Entrar en la red es entrar en un laberinto; es publicitarse (hacerse público) para perderse en más profundo de los anonimatos. La libertad absoluta y la más brutal de las censuras conviven en forma extraña en un mismo espacio virtual. La ilimitada libertad de expresión que hoy permite Internet, nos lleva a la necesaria pregunta de si las ideas han pasado definitivamente a ser inofensivas. Si es así, estamos perdido, y en cierta forma es así como funciona la censura de Internet. Esa censura cuenta con dos poderosas mandíbulas; la primera de ellas lleva el nombre de Accesibilidad . La posibilidad de acceder es el primer límite que deja fuera de la red a quienes no tienen los medios económicos y tecnológicos necesarios. El límite de la accesibilidad excede a Internet, pero está dentro de ella; leo en el diario Clarín de domingo 4 de octubre que los países más ricos del mundo (Oeste de Europa, Japón y Estados Unidos, ) son los mayores consumidores de papel del a pesar de que la suma de sus habitantes apenas cubre el 15 % de la población mundial. Los más optimistas sostienen que al acceso estatal e institucional a Internet mitigará esta marginación, en este caso, viejos remedios parecen querer terminar con viejos problemas. Lo cierto es que en la actualidad la gama social que accede a Internet lejos está de incluir a los sectores económicamente más sumergidos. Esta tendencia se agudiza en los países más pobres, hasta llegar a regiones completas del planeta con conectividad cero como es el caso del gran parte de los continentes Africano y asiático.

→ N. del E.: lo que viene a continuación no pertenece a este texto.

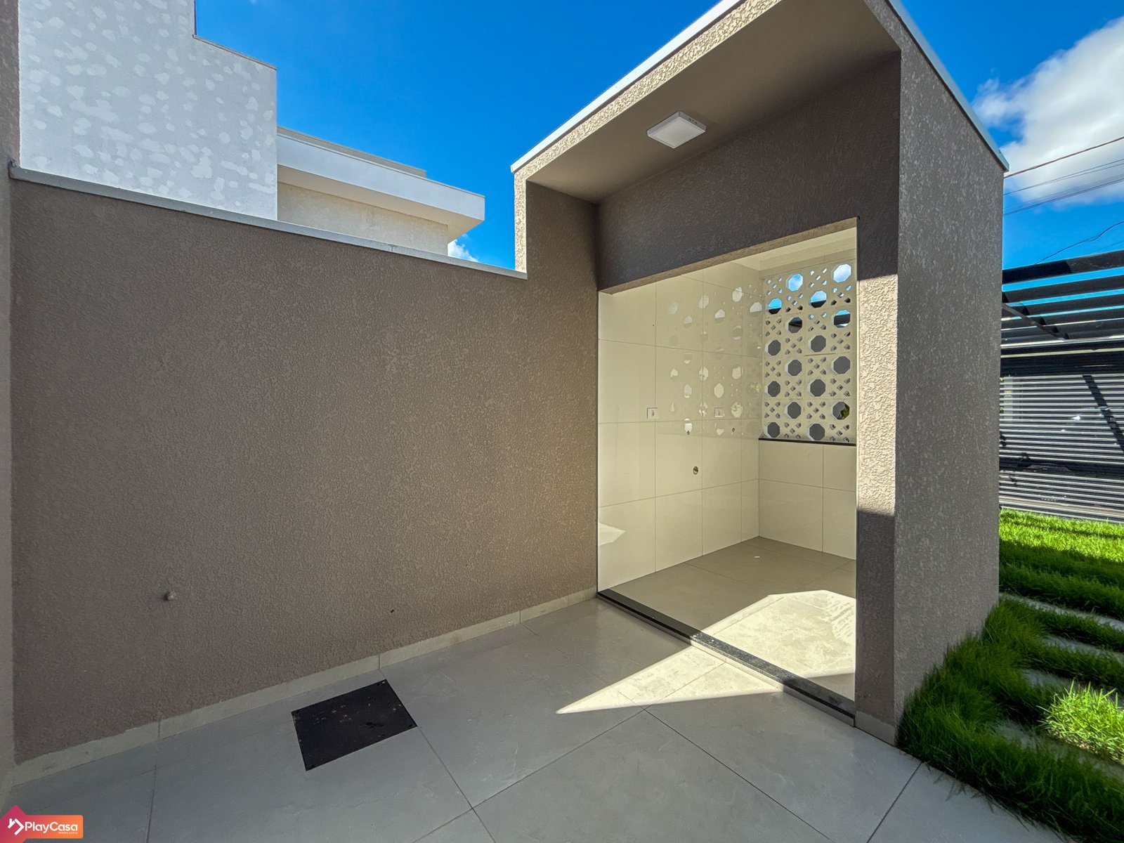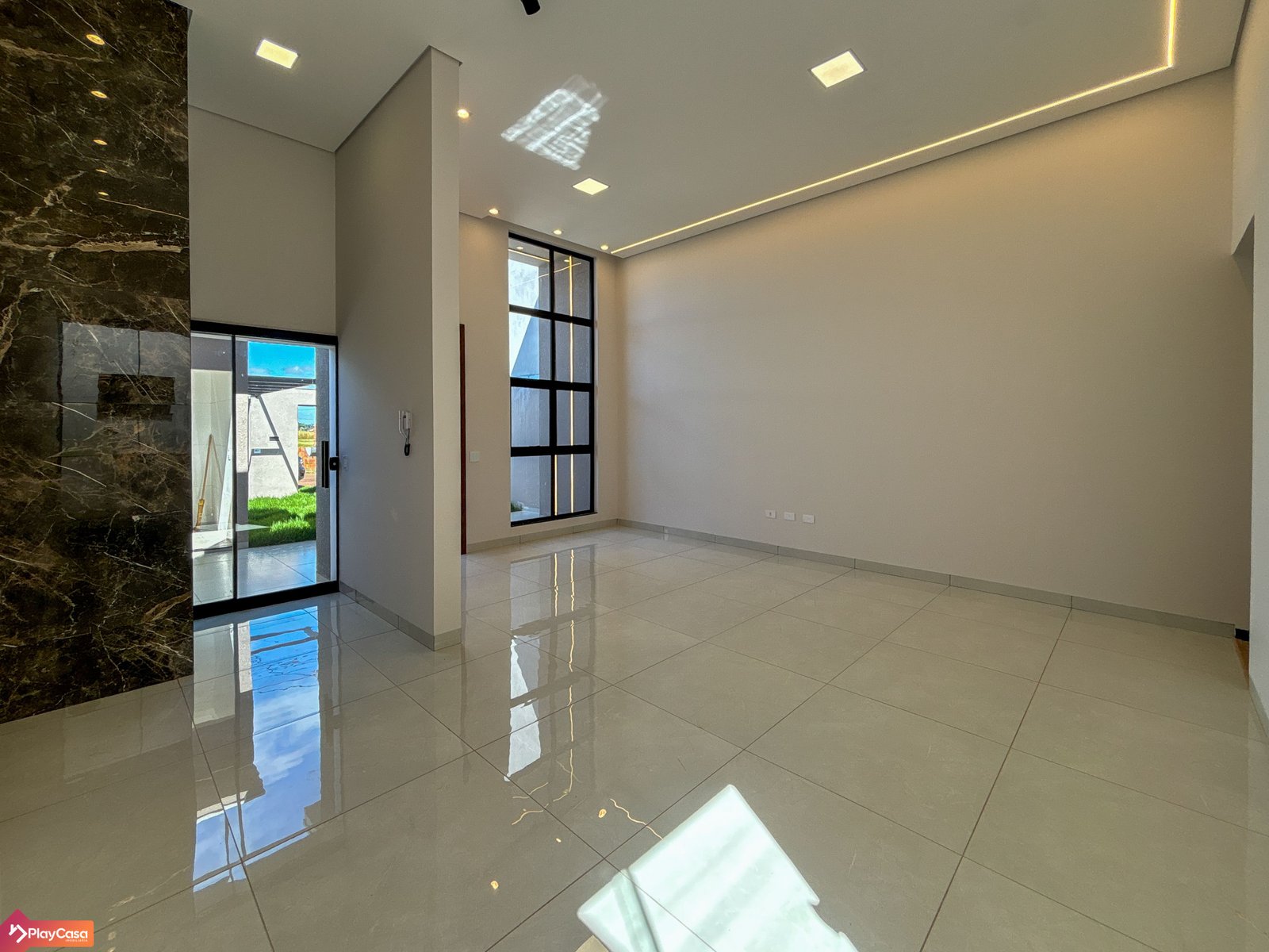 Fachada moderna com iluminação em LED em “L”

La otra mandíbula de es la superabundancia de información disponible en la red, ya sea en forma de bombardeo publicitario, de limitaciones idiomáticas o de simple infinitud de oferta. Es conocida la experiencia de personas que ingresan por primera vez a Internet ,y que luego del entusiasmo inicial ante lo maravilloso y hasta entonces desconocido, pronto empieza a quejarse de lo que le cuesta encontrar la información que necesita. Este síndrome de Alejandrismo es uno de los primeros fenómenos detectados por los pensadores. Ahora lo estudian las compañías comerciales y ya se corre la voz de que el futuro negocio no será tanto el abono por acceder a Internet sino el derecho de uso de sus buscadores. Cabe destacar que en la actualidad existe una carrera tecnológica entre los proveedores por desarrollar buscadores inteligentes de alto rendimiento.
Estamos perdidos en la red, conceptos tradicionales se ven cuestionados. Se mezclan anonimato y publicidad, silencio con expresión, presencia con ausencia. Mediante la red tratamos de comunicarnos, pero sabemos que el espacio de la red es infinito y las consecuencias de nuestros actos en ella muchas veces impredecibles. Este artículo puede ser leído por cualquier persona del mundo, puede ser mirado con indiferencia por algún buscador furtivo, ocupará un lugar en remotos discos rígidos; tomará vida el ser leído por alguien.
Nuestros libros de arena se derraman y amontonan
lentamente. Quizás la cultura esté entonces más segura
y mejor custodiada, aunque sea para unos pocos.